Acting Attorney General Matthew J. Platkin said each was charged with theft by unlawful taking (from the State Health Benefits Program) and tampering with public records information (for attempts to make it look like they worked full time).
Platkin said the alleged actions to get unwarranted paid health coverage were “breaches of the public trust” and he pledged, ““We will work tirelessly to root out public corruption and restore faith in our institutions.”
A little more than a decade ago, getting underserved health coverage cheated the paying public, but it wasn’t against state law. Until then it was common and up to municipalities to put an end to the practice by their officials.
In 2009, Ocean City Mayor Sal Perillo was attacked for proposing to eliminate health-insurance benefits for City Council members, who worked part-time. He figured the city and taxpayers would save $150,000 a year.

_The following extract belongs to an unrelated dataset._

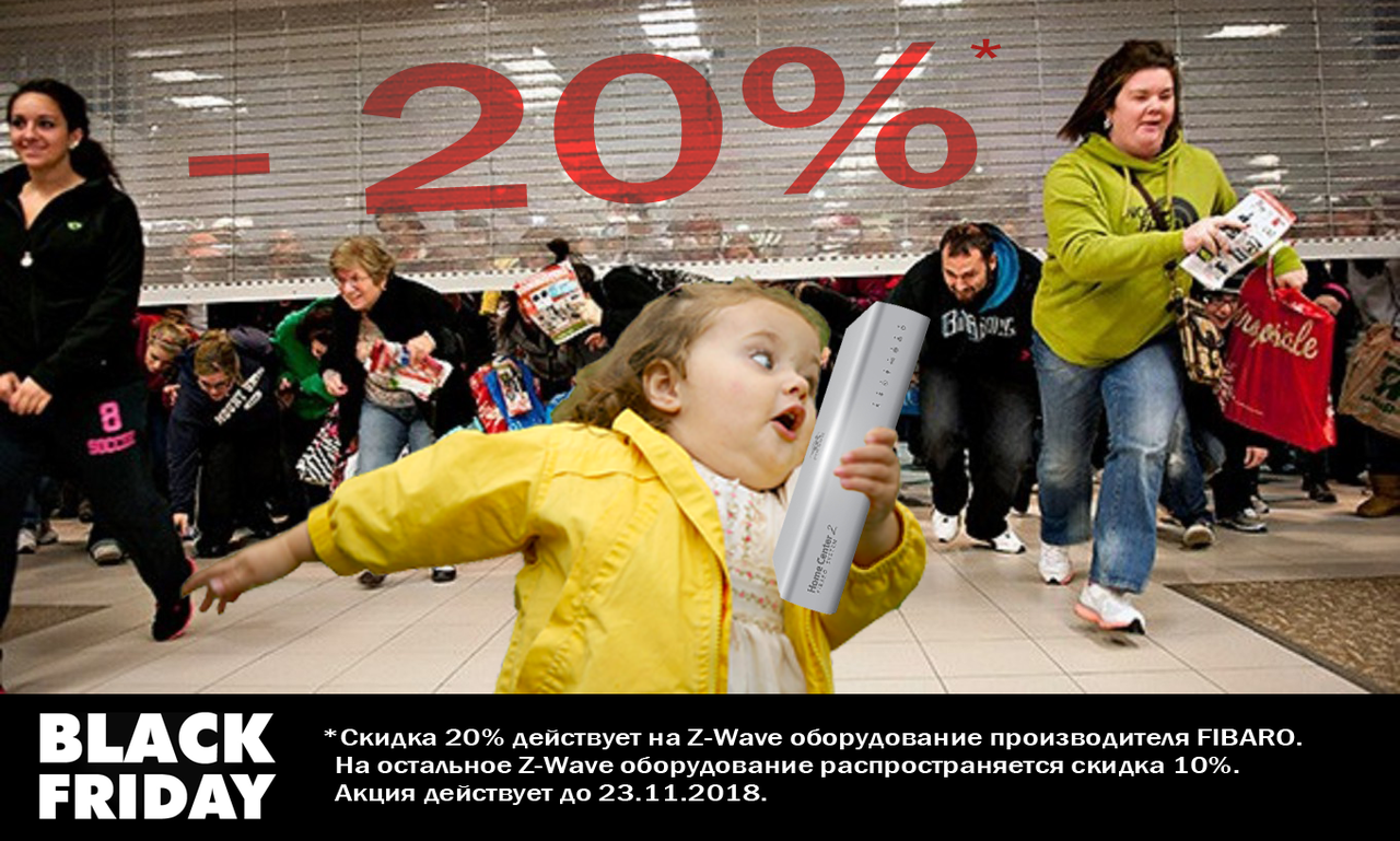 BLACK FRIDAY 201820 листопада 2018Не будемо, як всі, примушувати вас чекати п'ятниці, починаємо грандіозний розпродаж прямо зараз! Знижка до 20% надається на обладнання виробника FIBARO. На решту Z-Wave обладнання діє знижка 10%. Акція триватиме до 23.11.18 включно.Black Friday на Z-Wave.com.ua!07.11.2025Black Friday на Z-Wave.com.ua!АКЦІЯ: Яскраве літо з Nanoleaf та Fibaro!15.07.2025АКЦІЯ: Яскраве літо з Nanoleaf та Fibaro!

Absecon and Port Republic had never offered health benefits to their part-time elected officials. Galloway Township Council members started the next year right by voting unanimously to eliminate their own health benefits
Pressure built on state legislators, who were also part-time employees receiving health coverage. That same year, 2010, New Jersey enacted a law requiring elected officials to be full-time employees “whose hours of work are fixed at 35 or more per week” to be eligible for the State Health Benefits Program and employer-provided health care.

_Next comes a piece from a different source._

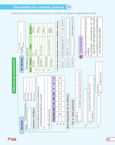 6376 (8) Cifras 0; 1 0; 1; 2 0; 1; 2; 3; 4 0; 1; 2; 3; 4; 5; 6; 7 Casos para expresar numerales en distintos sistemas Base diferente de 10 Base 10 Coevaluación evalúe.

In Wildwood, the investigation found Byron, Troiano and Mikulski were never full-time employees as defined by state law. They did not receive vacation, sick or personal days, and they maintained no regular schedule.
Platkin said Troiano and Byron falsely signed and submitted timesheets to the city indicating they worked full days Monday through Friday. As a result, Wildwood and the state plan paid more than $286,500 in premiums and claims on behalf of Troiano from July 2011 through December 2019. For Byron, the state plan paid more than $608,900 in premiums and claims on his behalf from July 2011 through 2021.
That’s a lot of money and we’re glad to see the Attorney General’s Office pursuing the case.
But the numbers are small compared to the tens of millions taken with fraudulent prescriptions mainly for compounded medicines by corrupt benefits managers, doctors and dozens of regular government workers supposedly serving the public, not stealing from it. We share the widespread interest in making sure that case is pursued to its just end as well.